In 2011, the Supreme Court delivered a landmark ruling on the law of adverse possession, in State of Haryana vs Mukesh Kumar. The Haryana government forcibly acquired eight biswas of land which was in the name of one Mukesh Kumar. The State filed a suit claiming it had adverse possession of the land.
The Supreme Court ruled that Haryana could not acquire it under the principle of adverse possession, and that the procedure for sale and transfer of registration has to be followed. It said that the law of adverse possession was archaic, irrational and harsh. The suit was based on Article 300A of the Constitution which talks about right to property. Justice Dalveer Bhandari earned a lot of praise for this judgment.
FCRA amendment
One is reminded of this judgment in the aftermath of the protests against the proposed amendments to the Foreign Contribution (Regulation) Act. Section 16A of this Act proposes that upon the cancellation, surrender, or cessation of an FCRA certificate, all foreign contributions and assets created therefrom shall provisionally vest in the designated authority. This vesting is automatic and instantaneous, requiring no judicial determination or adjudicatory process. The mere administrative act of cancellation triggers a complete loss of control over assets. This is a disproportionate consequence for what could be minor procedural infractions leading to cancellation.

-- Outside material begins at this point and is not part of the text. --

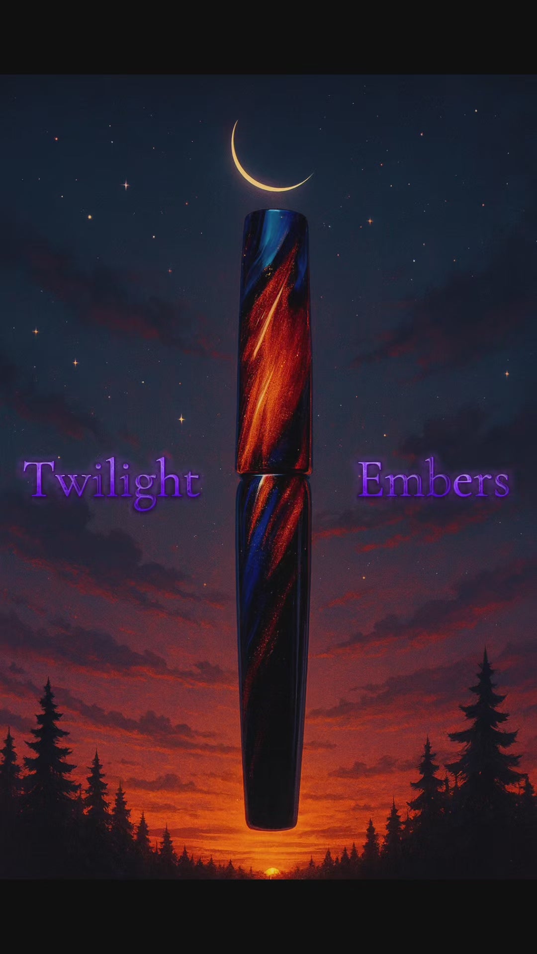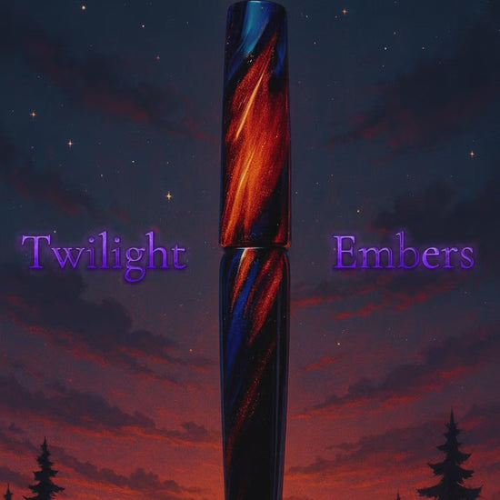 A luminous relic of dusk, this handcrafted fountain pen captures the fleeting magic of twilight. Its marbled body swirls with deep indigo, ember red, and midnight blue—echoing the last light of day as it melts into night.

Section 14 delineates five reasons for cancellation of FCRA certificate: (i) certificate was obtained with incorrect statement in the application; (ii) violation of terms of certificate; (iii) the Central government reckons the certificate of any association is to be cancelled in public interest; (iv) violation of any provisions of the Act; and (v) if the association has not been engaged in any activity for the benefit of society in its chosen field for two consecutive years. Cancellation of certificate for any of these reasons will attract Section 16A, and assets of the association concerned will vest with the designated authority.
Section 16A(5) provides that if the organisation fails to have its certificate restored within a prescribed period, these assets shall “permanently vest” in the designated authority. Subsequently, under Section 16A(6), these assets can be transferred to any government department or sold, with the proceeds being credited to the Consolidated Fund of India. It allows the Central government to seize the assets of a private entity, built over years of charitable work, based on an administrative decision. Such a provision appears to be in direct conflict with the spirit of Article 300A, which mandates that no person shall be deprived of his property save by authority of law. A law that permits such deprivation without a fair, just, and reasonable procedure is itself arbitrary and liable to be challenged.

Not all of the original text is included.